**EXERCISE BRIEF:**
The whole listing is to be written out again exactly; the pictures are not.

**DATA:**

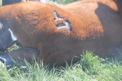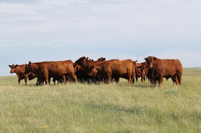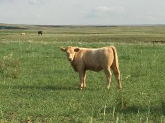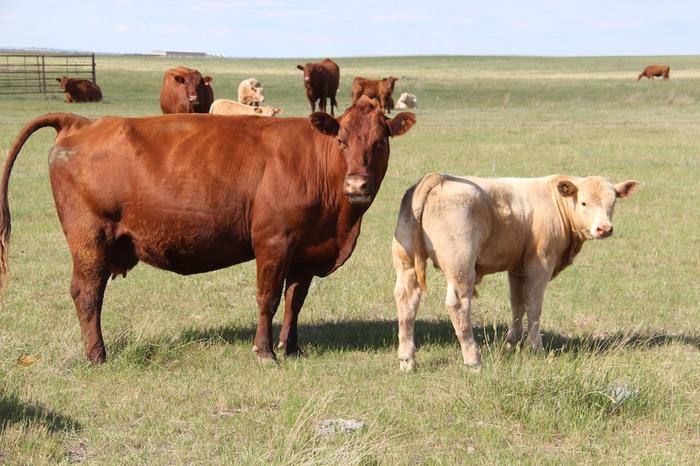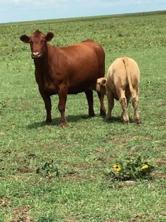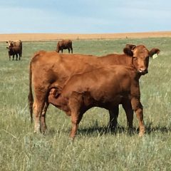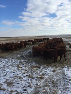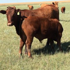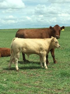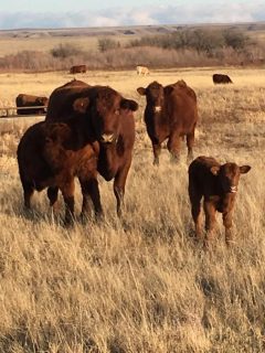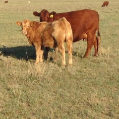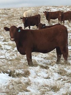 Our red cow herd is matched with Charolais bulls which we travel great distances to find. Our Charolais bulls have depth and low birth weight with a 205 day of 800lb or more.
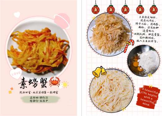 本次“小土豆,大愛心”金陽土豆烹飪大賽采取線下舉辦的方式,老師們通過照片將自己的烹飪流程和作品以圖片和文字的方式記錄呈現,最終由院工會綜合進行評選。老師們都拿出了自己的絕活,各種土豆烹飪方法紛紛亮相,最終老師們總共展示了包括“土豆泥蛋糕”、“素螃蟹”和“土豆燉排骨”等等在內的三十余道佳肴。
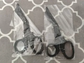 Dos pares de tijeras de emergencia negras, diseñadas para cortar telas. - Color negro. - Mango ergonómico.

**TASK RESULT:**
 Our red cow herd is matched with Charolais bulls which we travel great distances to find. Our Charolais bulls have depth and low birth weight with a 205 day of 800lb or more.
 本次“小土豆,大愛心”金陽土豆烹飪大賽采取線下舉辦的方式,老師們通過照片將自己的烹飪流程和作品以圖片和文字的方式記錄呈現,最終由院工會綜合進行評選。老師們都拿出了自己的絕活,各種土豆烹飪方法紛紛亮相,最終老師們總共展示了包括“土豆泥蛋糕”、“素螃蟹”和“土豆燉排骨”等等在內的三十余道佳肴。
 Dos pares de tijeras de emergencia negras, diseñadas para cortar telas. - Color negro. - Mango ergonómico.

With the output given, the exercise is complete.